Détails de l'institution
Université de Lausanne, Faculté de biologie et médecine
Statut éditorial
Acceptée
Date de publication
2019
Langue
anglais
Nombre de pages
20
Résumé
Purpose: The aim of this study was to evaluate the effect of switching from aflibercept to
ranibizumab in patients with aflibercept refractory neovascular age-related macular
degeneration (nAMD) and to identify predictive factors for switch response.
Methods: Retrospective chart review including eyes with nAMD, refractory to monthly
intravitreal aflibercept during 6 months or more and that were switched to ranibizumab.
Outcome measures included changes in visual acuity (VA), intra- (IRF) and subretinal fluid
(SRF), pigment epithelial detachment (PED) and central retinal thickness (CRT), evaluated at
6 months before switch (T1), at the switching timepoint (T2), and 3 months post-switch (T3).

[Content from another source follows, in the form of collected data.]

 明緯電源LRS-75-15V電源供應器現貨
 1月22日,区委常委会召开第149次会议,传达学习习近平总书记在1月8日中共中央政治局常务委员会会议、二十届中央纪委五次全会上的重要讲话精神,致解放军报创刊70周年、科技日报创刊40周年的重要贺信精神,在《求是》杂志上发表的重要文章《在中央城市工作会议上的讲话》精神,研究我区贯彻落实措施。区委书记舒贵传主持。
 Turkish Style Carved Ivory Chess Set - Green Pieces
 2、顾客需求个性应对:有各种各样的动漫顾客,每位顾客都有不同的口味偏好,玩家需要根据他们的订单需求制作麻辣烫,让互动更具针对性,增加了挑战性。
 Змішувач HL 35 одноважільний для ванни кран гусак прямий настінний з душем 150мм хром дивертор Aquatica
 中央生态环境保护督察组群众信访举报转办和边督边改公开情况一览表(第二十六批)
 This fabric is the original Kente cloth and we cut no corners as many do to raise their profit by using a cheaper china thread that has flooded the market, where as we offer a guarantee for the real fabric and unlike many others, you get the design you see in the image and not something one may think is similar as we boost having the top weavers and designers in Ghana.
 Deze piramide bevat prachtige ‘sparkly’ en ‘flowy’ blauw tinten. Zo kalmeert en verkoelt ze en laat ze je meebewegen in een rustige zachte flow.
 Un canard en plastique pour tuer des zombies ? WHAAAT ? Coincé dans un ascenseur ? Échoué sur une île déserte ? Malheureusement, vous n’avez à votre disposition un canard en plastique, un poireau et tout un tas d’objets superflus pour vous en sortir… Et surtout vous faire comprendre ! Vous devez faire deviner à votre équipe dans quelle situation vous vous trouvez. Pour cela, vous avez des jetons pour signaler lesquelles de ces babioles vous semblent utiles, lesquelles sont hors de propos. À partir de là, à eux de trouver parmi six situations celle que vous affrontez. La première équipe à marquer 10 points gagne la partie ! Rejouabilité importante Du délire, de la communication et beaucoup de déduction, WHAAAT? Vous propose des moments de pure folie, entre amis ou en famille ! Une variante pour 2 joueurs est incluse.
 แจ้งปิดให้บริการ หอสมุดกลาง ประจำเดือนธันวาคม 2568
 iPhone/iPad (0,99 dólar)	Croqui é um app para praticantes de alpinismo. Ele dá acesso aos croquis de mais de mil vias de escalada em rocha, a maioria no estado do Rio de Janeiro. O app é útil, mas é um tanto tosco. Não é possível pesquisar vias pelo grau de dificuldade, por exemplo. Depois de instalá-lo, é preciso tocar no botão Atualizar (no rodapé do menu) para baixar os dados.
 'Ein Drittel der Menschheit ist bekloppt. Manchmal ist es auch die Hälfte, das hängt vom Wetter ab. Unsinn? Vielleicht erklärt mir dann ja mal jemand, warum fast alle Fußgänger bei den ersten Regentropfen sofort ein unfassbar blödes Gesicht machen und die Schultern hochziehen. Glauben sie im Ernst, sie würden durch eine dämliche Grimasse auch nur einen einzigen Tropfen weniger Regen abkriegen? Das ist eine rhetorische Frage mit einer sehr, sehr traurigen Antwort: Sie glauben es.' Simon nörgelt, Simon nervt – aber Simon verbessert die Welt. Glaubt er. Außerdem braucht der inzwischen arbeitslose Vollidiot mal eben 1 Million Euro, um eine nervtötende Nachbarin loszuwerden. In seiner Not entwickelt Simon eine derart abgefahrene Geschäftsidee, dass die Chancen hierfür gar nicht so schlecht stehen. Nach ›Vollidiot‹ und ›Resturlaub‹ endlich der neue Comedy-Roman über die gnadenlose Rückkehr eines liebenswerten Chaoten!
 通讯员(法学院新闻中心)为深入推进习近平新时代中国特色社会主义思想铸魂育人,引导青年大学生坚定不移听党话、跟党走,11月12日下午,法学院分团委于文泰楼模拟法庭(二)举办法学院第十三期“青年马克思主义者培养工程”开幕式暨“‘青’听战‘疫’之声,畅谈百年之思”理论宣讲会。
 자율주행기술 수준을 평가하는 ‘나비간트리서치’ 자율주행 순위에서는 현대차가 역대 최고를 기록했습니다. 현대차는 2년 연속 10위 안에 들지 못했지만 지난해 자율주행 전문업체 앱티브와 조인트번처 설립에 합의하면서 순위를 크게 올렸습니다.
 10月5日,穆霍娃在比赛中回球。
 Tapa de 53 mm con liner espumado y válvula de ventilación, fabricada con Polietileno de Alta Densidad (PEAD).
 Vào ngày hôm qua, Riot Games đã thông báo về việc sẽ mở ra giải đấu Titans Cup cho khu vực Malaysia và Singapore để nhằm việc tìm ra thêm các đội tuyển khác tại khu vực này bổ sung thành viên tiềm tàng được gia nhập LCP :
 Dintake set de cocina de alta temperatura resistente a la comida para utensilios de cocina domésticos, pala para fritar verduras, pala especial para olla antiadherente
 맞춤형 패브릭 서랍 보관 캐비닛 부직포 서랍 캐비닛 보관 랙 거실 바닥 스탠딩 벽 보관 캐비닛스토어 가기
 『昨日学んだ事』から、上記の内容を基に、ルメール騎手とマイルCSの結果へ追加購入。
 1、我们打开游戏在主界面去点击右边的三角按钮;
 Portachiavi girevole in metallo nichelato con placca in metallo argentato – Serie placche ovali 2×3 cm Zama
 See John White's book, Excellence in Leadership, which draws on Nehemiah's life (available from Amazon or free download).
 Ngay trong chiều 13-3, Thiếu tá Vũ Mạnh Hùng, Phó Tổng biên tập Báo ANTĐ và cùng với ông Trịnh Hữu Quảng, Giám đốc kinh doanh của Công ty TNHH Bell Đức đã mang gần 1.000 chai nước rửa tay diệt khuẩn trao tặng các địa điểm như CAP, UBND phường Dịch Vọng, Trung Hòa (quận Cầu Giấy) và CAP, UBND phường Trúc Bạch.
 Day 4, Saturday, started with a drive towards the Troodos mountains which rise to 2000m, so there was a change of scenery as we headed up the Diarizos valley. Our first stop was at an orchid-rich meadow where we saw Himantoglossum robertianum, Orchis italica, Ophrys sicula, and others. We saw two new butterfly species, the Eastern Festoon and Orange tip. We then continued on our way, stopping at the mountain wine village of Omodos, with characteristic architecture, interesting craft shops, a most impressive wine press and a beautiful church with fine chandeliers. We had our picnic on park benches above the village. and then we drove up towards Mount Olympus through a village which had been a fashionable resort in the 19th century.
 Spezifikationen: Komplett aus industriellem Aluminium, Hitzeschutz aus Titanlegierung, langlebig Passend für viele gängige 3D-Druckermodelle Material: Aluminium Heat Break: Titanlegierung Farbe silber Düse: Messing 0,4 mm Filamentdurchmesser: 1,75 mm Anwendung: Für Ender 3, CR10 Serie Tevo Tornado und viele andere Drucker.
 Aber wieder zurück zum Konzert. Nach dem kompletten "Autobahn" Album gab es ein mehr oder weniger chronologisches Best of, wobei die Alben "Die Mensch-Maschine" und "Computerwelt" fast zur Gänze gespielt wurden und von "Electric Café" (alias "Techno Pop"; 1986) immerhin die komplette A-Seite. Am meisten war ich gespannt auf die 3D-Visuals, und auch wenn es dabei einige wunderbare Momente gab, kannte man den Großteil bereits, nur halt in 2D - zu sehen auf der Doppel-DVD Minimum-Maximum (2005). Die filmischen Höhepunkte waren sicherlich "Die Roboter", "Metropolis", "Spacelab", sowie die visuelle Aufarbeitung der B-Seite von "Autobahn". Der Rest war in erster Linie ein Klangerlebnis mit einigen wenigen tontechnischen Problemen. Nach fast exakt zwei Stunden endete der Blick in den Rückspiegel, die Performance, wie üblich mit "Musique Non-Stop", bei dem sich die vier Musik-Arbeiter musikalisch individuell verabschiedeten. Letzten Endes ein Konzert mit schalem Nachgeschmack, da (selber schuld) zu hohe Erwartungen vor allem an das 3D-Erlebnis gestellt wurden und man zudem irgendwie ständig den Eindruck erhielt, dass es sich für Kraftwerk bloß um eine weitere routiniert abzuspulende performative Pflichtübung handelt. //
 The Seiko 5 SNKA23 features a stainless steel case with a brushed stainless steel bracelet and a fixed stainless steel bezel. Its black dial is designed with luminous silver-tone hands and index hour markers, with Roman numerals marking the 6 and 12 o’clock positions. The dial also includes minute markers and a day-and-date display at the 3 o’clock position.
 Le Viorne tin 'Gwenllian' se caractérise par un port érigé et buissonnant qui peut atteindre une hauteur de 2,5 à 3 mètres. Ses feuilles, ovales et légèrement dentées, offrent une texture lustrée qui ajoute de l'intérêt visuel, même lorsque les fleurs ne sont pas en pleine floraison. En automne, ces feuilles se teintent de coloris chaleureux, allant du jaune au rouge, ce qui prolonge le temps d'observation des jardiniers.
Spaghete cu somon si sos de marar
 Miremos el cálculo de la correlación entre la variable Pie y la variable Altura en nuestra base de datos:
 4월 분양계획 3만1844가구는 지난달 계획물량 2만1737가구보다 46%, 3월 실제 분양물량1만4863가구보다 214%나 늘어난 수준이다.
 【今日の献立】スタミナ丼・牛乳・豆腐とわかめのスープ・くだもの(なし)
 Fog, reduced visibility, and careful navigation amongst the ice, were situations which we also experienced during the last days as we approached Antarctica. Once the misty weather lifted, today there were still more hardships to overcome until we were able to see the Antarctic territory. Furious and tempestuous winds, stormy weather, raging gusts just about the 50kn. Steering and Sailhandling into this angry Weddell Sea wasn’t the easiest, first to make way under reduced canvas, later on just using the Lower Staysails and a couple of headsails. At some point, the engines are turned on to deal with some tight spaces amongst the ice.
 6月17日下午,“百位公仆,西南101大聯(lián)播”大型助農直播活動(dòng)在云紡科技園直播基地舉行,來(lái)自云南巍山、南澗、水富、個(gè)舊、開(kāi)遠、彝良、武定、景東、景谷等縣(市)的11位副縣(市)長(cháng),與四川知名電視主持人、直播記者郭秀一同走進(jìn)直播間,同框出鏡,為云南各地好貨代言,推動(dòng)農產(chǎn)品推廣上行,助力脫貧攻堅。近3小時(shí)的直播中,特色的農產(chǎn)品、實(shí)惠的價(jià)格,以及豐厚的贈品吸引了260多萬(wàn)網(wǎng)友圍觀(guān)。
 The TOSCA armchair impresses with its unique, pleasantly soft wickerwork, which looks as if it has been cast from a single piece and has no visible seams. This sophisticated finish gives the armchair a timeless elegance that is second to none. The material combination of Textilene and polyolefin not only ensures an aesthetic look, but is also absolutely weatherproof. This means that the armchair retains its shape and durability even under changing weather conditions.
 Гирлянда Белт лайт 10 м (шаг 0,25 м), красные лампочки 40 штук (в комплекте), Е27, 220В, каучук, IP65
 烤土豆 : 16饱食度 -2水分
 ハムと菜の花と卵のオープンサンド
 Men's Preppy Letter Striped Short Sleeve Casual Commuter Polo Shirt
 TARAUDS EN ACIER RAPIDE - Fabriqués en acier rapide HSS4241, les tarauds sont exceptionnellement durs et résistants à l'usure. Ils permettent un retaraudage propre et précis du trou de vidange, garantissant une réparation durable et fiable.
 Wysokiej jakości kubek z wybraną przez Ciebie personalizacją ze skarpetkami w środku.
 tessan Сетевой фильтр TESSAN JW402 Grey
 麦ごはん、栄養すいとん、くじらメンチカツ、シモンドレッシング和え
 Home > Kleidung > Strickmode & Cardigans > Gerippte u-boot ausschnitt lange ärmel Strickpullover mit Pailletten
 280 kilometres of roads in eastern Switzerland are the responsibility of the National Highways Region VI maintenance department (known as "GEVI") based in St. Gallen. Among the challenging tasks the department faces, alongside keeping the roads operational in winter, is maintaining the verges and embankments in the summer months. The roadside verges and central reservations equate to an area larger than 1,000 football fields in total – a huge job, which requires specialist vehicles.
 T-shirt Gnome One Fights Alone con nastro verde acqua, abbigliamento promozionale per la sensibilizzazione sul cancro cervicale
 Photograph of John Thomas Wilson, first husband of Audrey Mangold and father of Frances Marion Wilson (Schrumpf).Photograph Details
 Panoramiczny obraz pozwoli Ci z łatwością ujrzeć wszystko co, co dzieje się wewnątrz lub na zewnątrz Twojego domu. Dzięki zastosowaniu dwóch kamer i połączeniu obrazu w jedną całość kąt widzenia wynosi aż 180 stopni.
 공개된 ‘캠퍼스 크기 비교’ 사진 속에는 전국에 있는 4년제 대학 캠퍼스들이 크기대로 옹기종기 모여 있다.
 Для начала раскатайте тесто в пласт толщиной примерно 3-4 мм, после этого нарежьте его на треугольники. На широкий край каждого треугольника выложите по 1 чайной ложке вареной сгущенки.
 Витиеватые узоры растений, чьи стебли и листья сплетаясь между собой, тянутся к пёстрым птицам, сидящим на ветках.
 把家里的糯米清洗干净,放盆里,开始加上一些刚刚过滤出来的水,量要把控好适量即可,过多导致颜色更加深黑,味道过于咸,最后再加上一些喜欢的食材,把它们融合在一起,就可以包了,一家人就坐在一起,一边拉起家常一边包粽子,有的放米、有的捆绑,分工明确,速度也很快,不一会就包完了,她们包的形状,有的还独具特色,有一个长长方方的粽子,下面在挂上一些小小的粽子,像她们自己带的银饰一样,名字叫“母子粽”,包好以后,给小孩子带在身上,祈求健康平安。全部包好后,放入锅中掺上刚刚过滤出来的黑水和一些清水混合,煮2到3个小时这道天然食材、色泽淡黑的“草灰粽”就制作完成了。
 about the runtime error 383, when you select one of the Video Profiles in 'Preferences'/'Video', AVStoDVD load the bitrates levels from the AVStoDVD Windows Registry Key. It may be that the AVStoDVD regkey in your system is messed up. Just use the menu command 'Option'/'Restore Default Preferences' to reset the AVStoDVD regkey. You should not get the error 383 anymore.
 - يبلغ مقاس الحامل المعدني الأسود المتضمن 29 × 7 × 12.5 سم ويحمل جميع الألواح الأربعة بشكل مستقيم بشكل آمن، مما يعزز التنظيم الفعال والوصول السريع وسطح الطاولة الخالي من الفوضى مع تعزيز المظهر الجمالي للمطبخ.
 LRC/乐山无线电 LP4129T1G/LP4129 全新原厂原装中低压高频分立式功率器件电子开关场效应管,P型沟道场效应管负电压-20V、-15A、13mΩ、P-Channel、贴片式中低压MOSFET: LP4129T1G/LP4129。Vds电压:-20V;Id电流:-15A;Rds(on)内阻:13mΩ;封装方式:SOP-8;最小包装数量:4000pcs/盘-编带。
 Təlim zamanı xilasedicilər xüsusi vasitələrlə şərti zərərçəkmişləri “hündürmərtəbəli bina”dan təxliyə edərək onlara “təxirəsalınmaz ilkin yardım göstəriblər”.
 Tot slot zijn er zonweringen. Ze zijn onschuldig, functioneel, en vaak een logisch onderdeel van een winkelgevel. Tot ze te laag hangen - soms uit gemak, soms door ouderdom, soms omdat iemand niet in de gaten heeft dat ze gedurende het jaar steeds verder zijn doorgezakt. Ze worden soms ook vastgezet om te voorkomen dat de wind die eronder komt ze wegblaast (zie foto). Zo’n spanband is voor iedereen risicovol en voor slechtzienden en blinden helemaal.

Results: The study included 32 eyes from 26 patients. There was an increase of CRT from
T1 to T2, which decreased after switch from T2 to T3. Evaluating the different
compartments, a significant slope (change per month before and after switching) change
was found for PED height (p=0.02), for the subretinal fluid (p=0.01) and for the neuroretinal
thickness as a measure for intraretinal fluid (p=0.03). No significant change was found for
VA. Predictive factors for better morphological switch response included a steeper slope
before switch (worsening between T1 to T2), thicker measurement of the parameter at T2,
male gender, shorter treatment before switch and fewer preceding injections. No
association with preceding switch was found.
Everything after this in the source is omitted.